USE [AdventureWorks2012]
GO
CREATE TABLE [dbo].[Supplier](
       [SupplierCode] CHAR(8) PRIMARY KEY,
       [SupplierName] [varchar](50) NULL,
       [Address] [varchar](50) NULL,
) ON [PRIMARY]
GO
INSERT INTO [dbo].[Supplier] ([SupplierCode], [SupplierName], [Address])
VALUES
('S0000001', 'ABC Company', 'USA'),
('S0000002', 'XYZ Corporation', 'USA')
GO
SELECT * FROM [dbo].[Supplier]
 

Now let’s create a dimension for storing Supplier data from the source. As you can see below I have added a SupplierId column as surrogate key (you can find more about Surrogate Key and its importance in my last article), effective date and expiration date for keeping track of historical changes.
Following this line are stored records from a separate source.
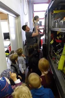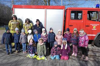 Am 4. April 2023 besuchten die Vorschulkinder der Kita „Sternenhimmel“ die Feuerwehr in Imsbach. Dort angekommen, erklärten uns Ute Korn, Sebastian Hofstadt und Laura Scheib, was man alles in einem Feuerwehrauto findet wie zum Beispiel eine Feuerlöschpumpe, Atemluftflaschen, Strahler oder eine Axt. Anschließend durften die Kinder Gegenstände, die unter einer Decke lagen, erraten. Dort waren eine Feuerwehrjacke, feuerfeste Stiefel, Schläuche und ein Schutzhelm versteckt. Danach durften die Kinder selbst einmal in die Feuerwehrkleidung für Kinder schlüpfen. Zum Schluss haben die Kinder erklärt bekommen, was ein Hydrant ist und wie man diesen öffnet. Dann durfte jedes Kind einmal mit dem Schlauch Wasser spritzen. An dieser Stelle möchten wir uns noch einmal recht herzlich bei Ute Korn, Sebastian Hofstadt und Laura Scheib für ihre Zeit und ihr Engagement bedanken.
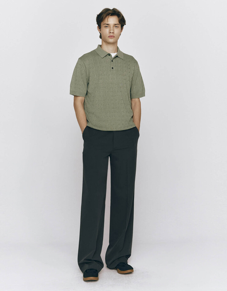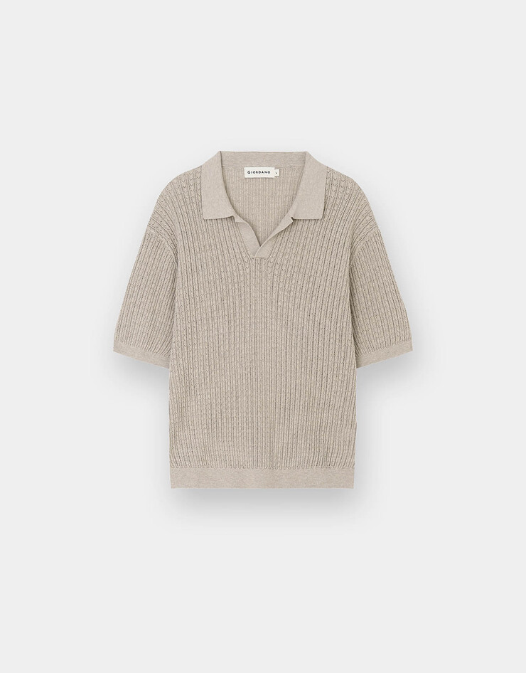 남자 립 스티치 폴로넥 반팔 니트 스웨터 12GG
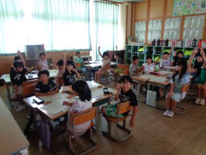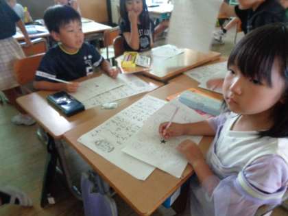 国語の学習では、1学期に習ったひらがなの復習として、ひらがなびんごを行いました。ひらがな表を見て、「とめ、はね、はらい」に気をつけて、ますを埋めていきます。自分が書いたひらがなが呼ばれると大喜び。楽しんで学習することができました。
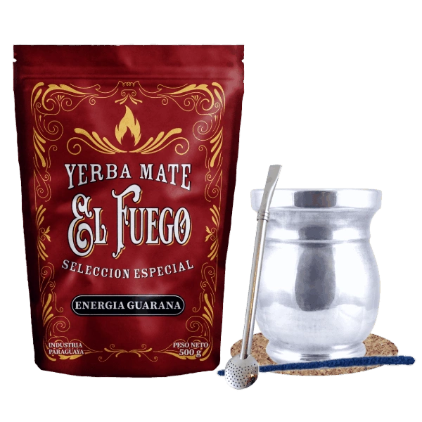 Yerba Mate Sæt: El Fuego Energia Guarana 500g + Palo Santo + Bombilla
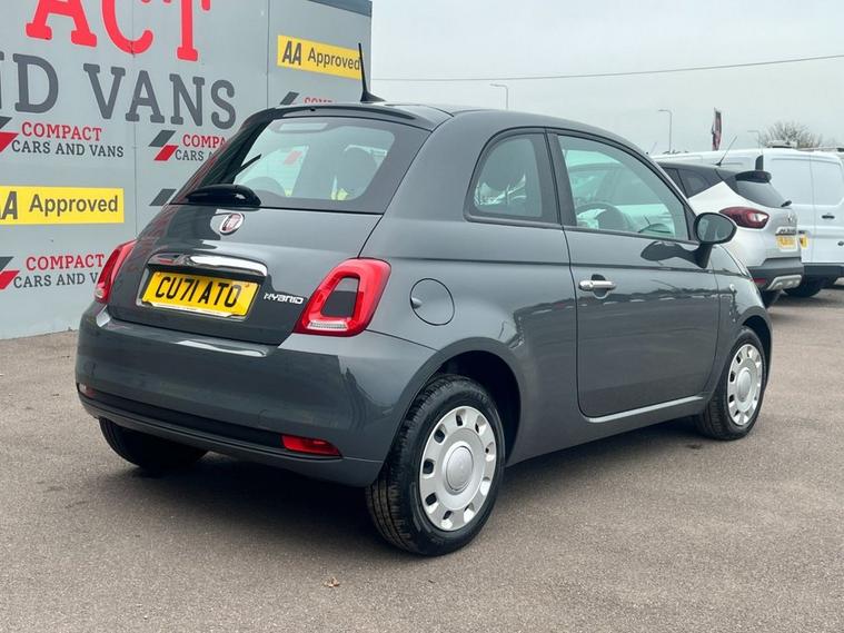 Compact Cars And Vans are delighted to present a superb example Fiat 500 with less than 9500 miles. The Fiat is powered by a popular 1.0 litre MHEV petrol engine boasting 57.7mpg on a combined cycle and is just £195 a year to tax! The 500 is a great choice for first time driver with this particular model benefiting from group 8 insurance. The Pop Hybrid model includes spec such as telephone connection, air conditioning and so much more.
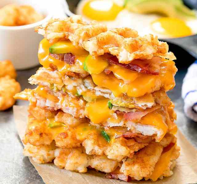 Why settle for a simple tater tot waffle when you can make a tater tot waffle grilled cheese instead? This easier than easy recipe involves adding frozen tots to a waffle maker and smushing into a crispy waffle before adding your cheese and other fixings. Get the recipe at Kirbie Cravings.
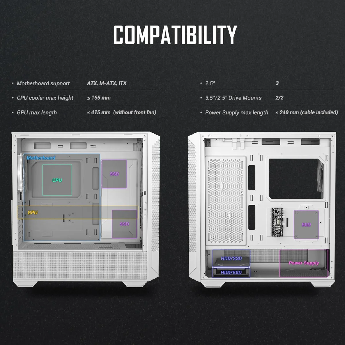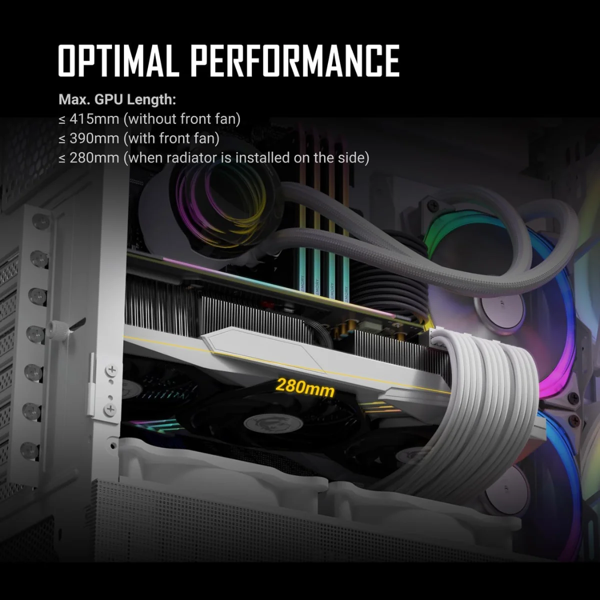 Con spazio per GPU fino a 415 mm, dissipatori CPU fino a 160 mm e 24 mm dedicati al cable management, il case è progettato per ospitare build potenti, ordinate e pronte a brillare.
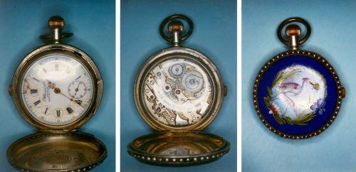 Montre savonnette en argent émaillée, répétition heures et quarts avec chronographe, cadran signé J.ULLMANN & CIE, LA CHAUX-DE-FONDS, fond et lunette sertis de demi-perles, Ø 53 mm, époque 1890
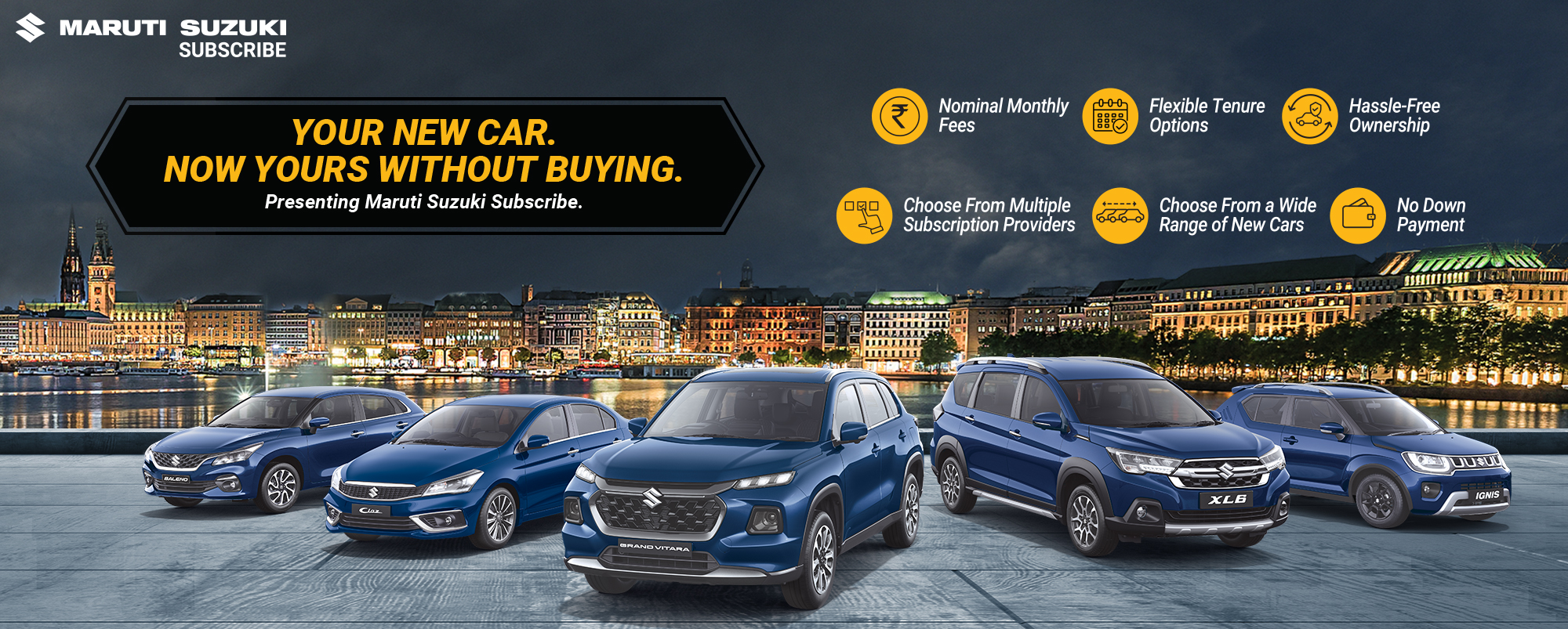 Maruti Suzuki Subscribe enables all customers to enjoy driving their preferred Maruti Suzuki cars without having to deal with all the financial responsibilities that come with owning a car.All you need to do is opt for a monthly subscription plan at a fixed monthly fee, which includes the routine maintenance and insurance costs, and choose a flexible tenure. At Vishnu Cars Pvt Ltd in, Chennai, Guduvancheri, all Hatchback, Sedan, SUV, the MUV models line-up includes Baleno, Invicto, EVitara, Jimny, Ciaz, Ignis, Fronx, Grand Vitara, XL6. Here, you will enjoy Maruti Suzuki Subscribe benefits such as:
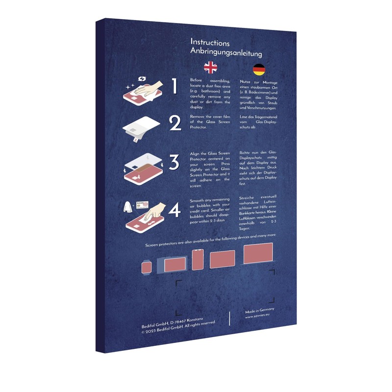 Savvies Protective glass, compatible with circular displays (diameter: 36 mm), offers maximum protection against scratches, bumps and breaks with a 9H hardness. The 99% light transmission allows a crystal clear and razor-sharp display, while the rounded edges ensure a comfortable operating experience. Our specially developed silicone adhesive layer allows for easy and bubble-free installation. The protective glass has an anti-fingerprint coating, so that dirt and fingerprints can be easily wiped away. Made by our expert team in Germany. 3 x Savvies HD33 clear protective glass compatible with circular displays (diameter: 36 mm) (3x display), alcohol cleaning cloth, microfibre cloth, adhesive strips for dust removal, installation instructions (English language not guaranteed).
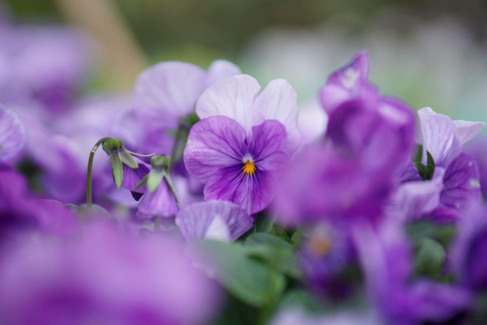 ガーデンへの植え込みを待っているパンジー 緊張しているかのようです。
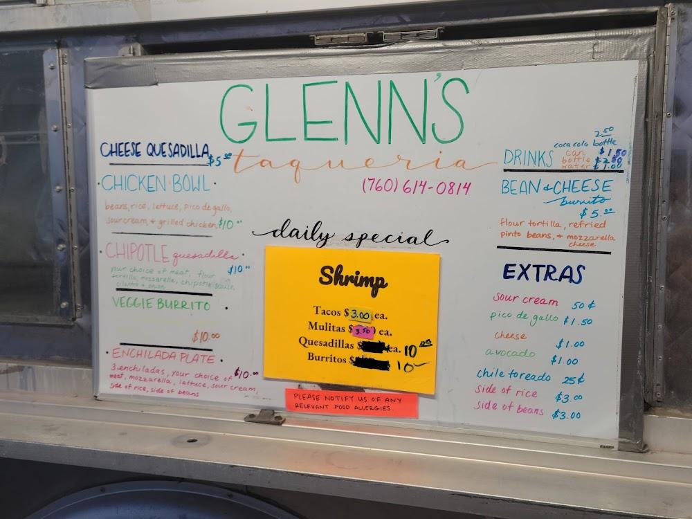 Welcome to Glenn's Taqueria, your go-to destination for authentic Mexican cuisine in Independence, CA. Indulge in a mouth-watering selection of tacos, burritos, and quesadillas, complemented by a vibrant variety of salsas. Enjoy fresh choices of meat including asada, adobada, chorizo, chicken, and shrimp, along with refreshing agua de horchata and jamaica. With an inviting atmosphere, outdoor seating, and swift service, it's perfect for lunch, dinner, or a solo bite. We cater to everyone, from families to tourists, and offer convenient options like delivery and takeout. Join us at 305 S Edwards St and savor the flavors of Mexico!
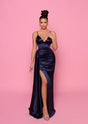 A gorgeous full length dress by Nicoletta NP162. A flattering style featuring ruching, draped panel and spaghetti straps.
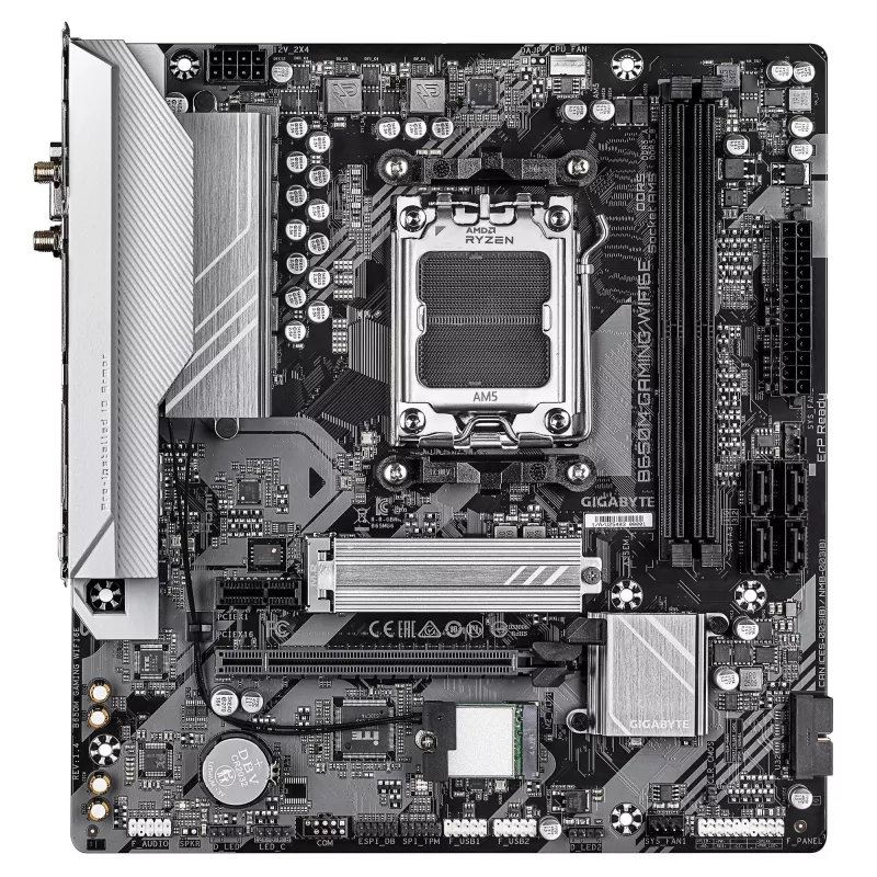 AMD B650 , micro ATX , Audio 7.1 channels , CPU AMD , Socket Socket AM5 , Series AMD Ryzen 7000 Series/AMD Ryzen 8000 Series/AMD Ryzen 9000 Series , Supported memory types DDR5-SDRAM , 4xNumber of memory slots , Memory slots type DIMM , Supported storage drive interfaces M.2,SATA III , 4096 x 2160 pixels , 4xUSB 2.0 ports quantity , 2xUSB 3.2 Gen 1 (3.1 Gen 1) Type-A ports quantity , 1xEthernet LAN (RJ-45) ports , 1xVGA (D-Sub) ports quantity , 1xHDMI ports quantity , Wi-Fi Yes , Bluetooth Yes , Antenna included Yes , Weight 720 g
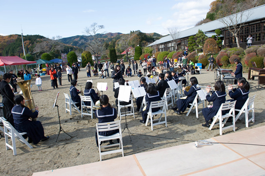紅葉色づく大子町のレトロな木造校舎「大子おやき学校」に、様々なアーティストと食が集合★ 音楽の秋、食の秋、芸術の秋、そして紅葉の秋。
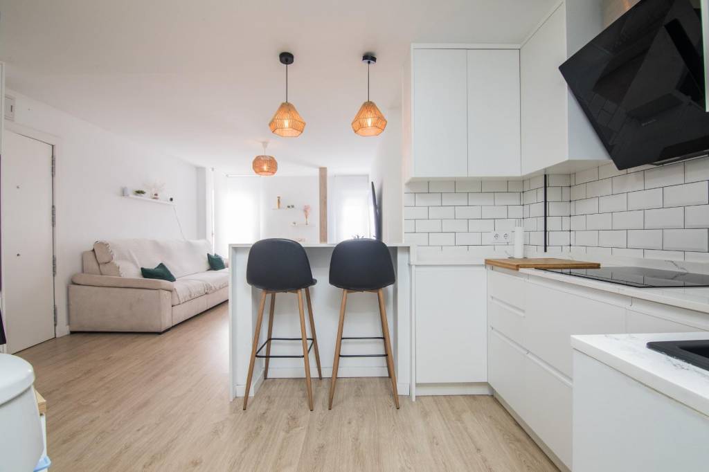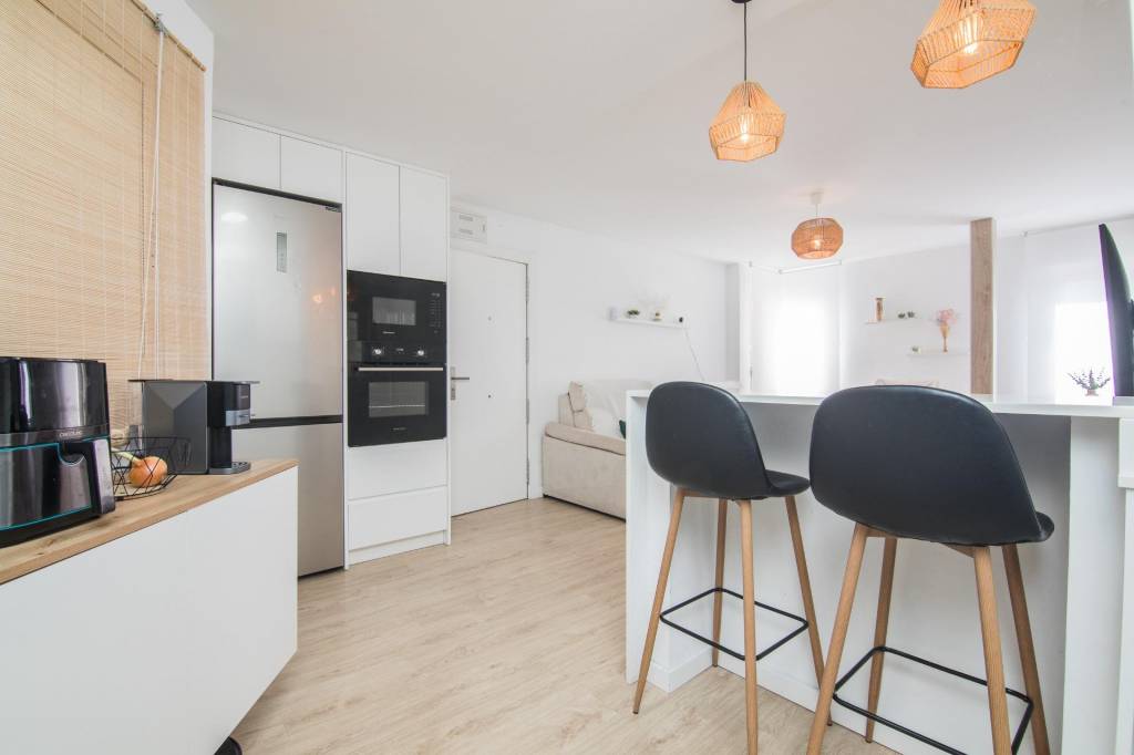 La cocina, de diseño contemporáneo, se entrega totalmente equipada con electrodomésticos, lista para usar desde el primer momento. Todo el inmueble ha sido renovado con materiales de calidad, ofreciendo una imagen fresca y actual.
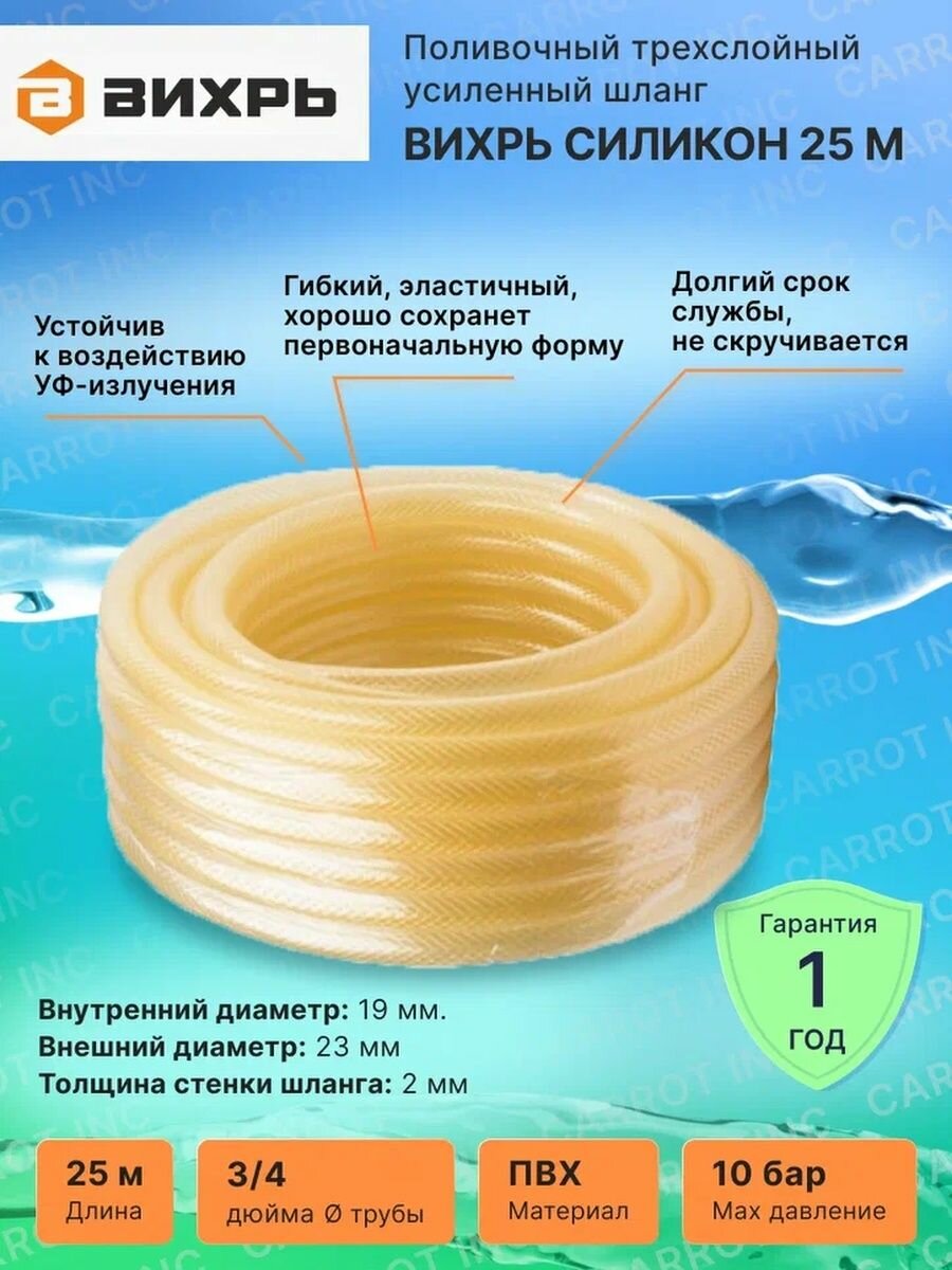 Ниже Вы можете прочитать отзывы на Шланг поливочный "Силикон" трёхслойный армированный 3/4", 25м (прозрачный) Вихрь, ознакомится с подробными характеристиками, посмотреть интересные обзоры и фотографии на Шланг поливочный "Силикон" трёхслойный армированный 3/4", 25м (прозрачный) Вихрь.

I have also added CurrentFlag column to indicate the current active record:

USE [AdventureWorks2012]
GO
CREATE TABLE [dbo].[DimSupplier](
       [SupplierId] [int] IDENTITY(1,1) NOT NULL,
       [SupplierCode] CHAR(8),
       [SupplierName] [varchar](50) NULL,
       [Address] [varchar](50) NULL,
       [EffectiveDate] [date] NULL,
       [ExpirationDate] [date] NULL,
       [CurrentFlag] [char](1) NULL,
       CONSTRAINT [PK_DimSupplier] PRIMARY KEY CLUSTERED ([SupplierId] ASC)
) ON [PRIMARY]
GO

Now to manage slowly changing dimension we can use the MERGE statement, which was introduced in SQL Server 2008. We need to write two MERGE statements to manage SCD type 1 and SCD type 2 separately.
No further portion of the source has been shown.